The People’s Budget also tackles climate change head-on with a carbon tax that makes polluters pay for the clean economy transition and rebates 25 percent of carbon tax revenue back to energy-burdened low-income households. The carbon tax will generate approximately $760 billion over 10 years, in addition to the revenue spent on rebates.  It should be noted that while highly targeted rebates may be necessary to offset transitionally higher energy costs for some households, direct investment of a large share of the carbon revenue in energy efficiency and clean energy projects in low-income communities could bring greater and longer-term benefits by creating good jobs, generating substantial energy savings, and improving community health, while also accelerating emissions reductions. The People’s Budget should place more emphasis on investing carbon pricing revenue directly in low-income communities that need investment the most.
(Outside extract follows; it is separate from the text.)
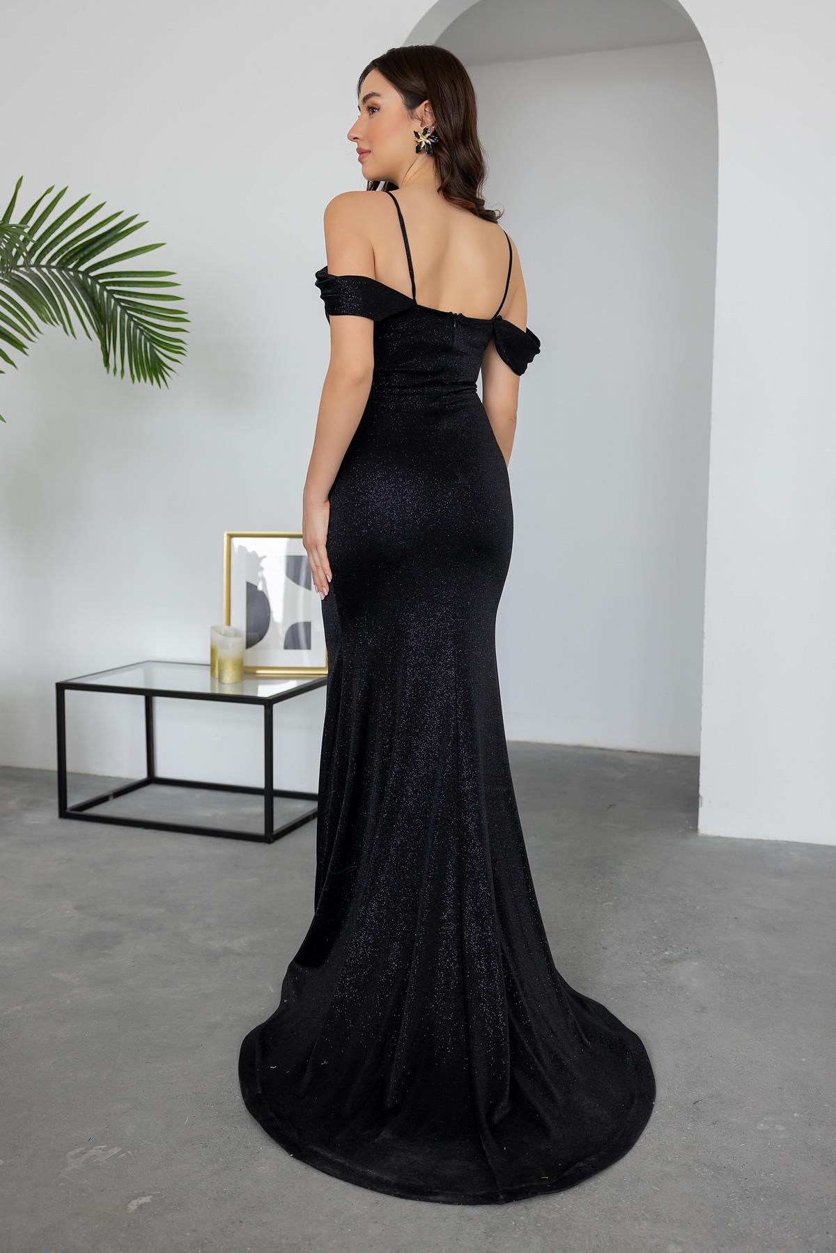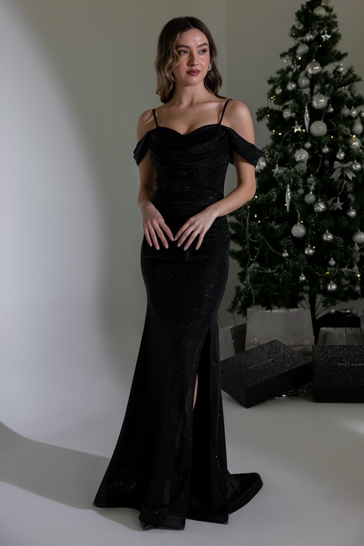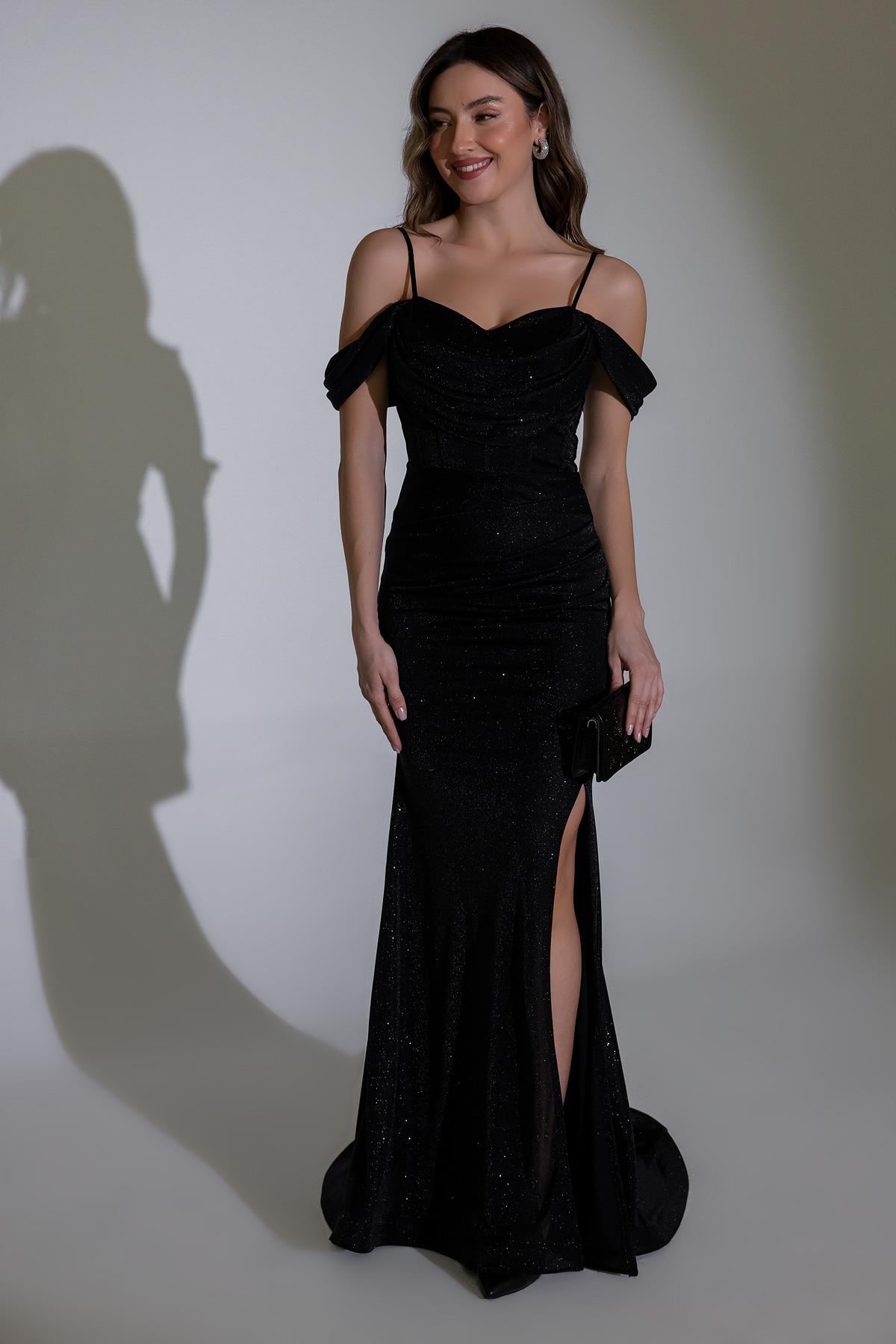 Bel Drapeli Simli Abiye - SİYAH (BES008ABY0001100)

A highly-targeted, investment-centered approach is already getting traction at the state level, led by strong multi-sectoral, multi-racial coalitions like NY Renews.

The People’s Budget stands in polar opposition to President Trump’s proposed budgetary assault on environmental protection and climate policy, which is centered on a $2.6 billion, 31 percent cut to the Environmental Protection Agency. Such a drastic cut in funding and the resulting decimation of EPA staff—by one-fifth—will effectively destroy many of the EPA’s most important functions. Among other specifics, Trump proposes to eliminate funding for the implementation of President Obama’s Clean Power Plan, effectively killing the plan without having to legally repeal it, which he is also attempting to do. Other targeted cuts—to the Agency’s radon program, to the Great Lakes Restoration Initiative, and to the Office of Chemical Safety and Pollution Prevention, will do great harm to public health. Overall, even larger impacts will be felt as major environmental statutes such as the Clean Air Act are rendered virtually unenforceable, effectively repealing the laws.

The malign insanity of Trump’s assault on the EPA is underscored by the very effectiveness of our major environmental laws. The Clean Air Act may be the most cost-effective policy in U.S. history, generating approximately $2 trillion in health and other benefits between 1990 and 2020, with compliance costs amounting to only about $65 billion over the same period. The fact that Trump’s proposed environmental cuts are nearly 9 times greater than those proposed by the Republicans in Congress last year further underscores the madness of Trump’s crusade against environmental protection. Fortunately, we have the People’s Budget to give us some light at the end of the tunnel, however far away that light may seem right now.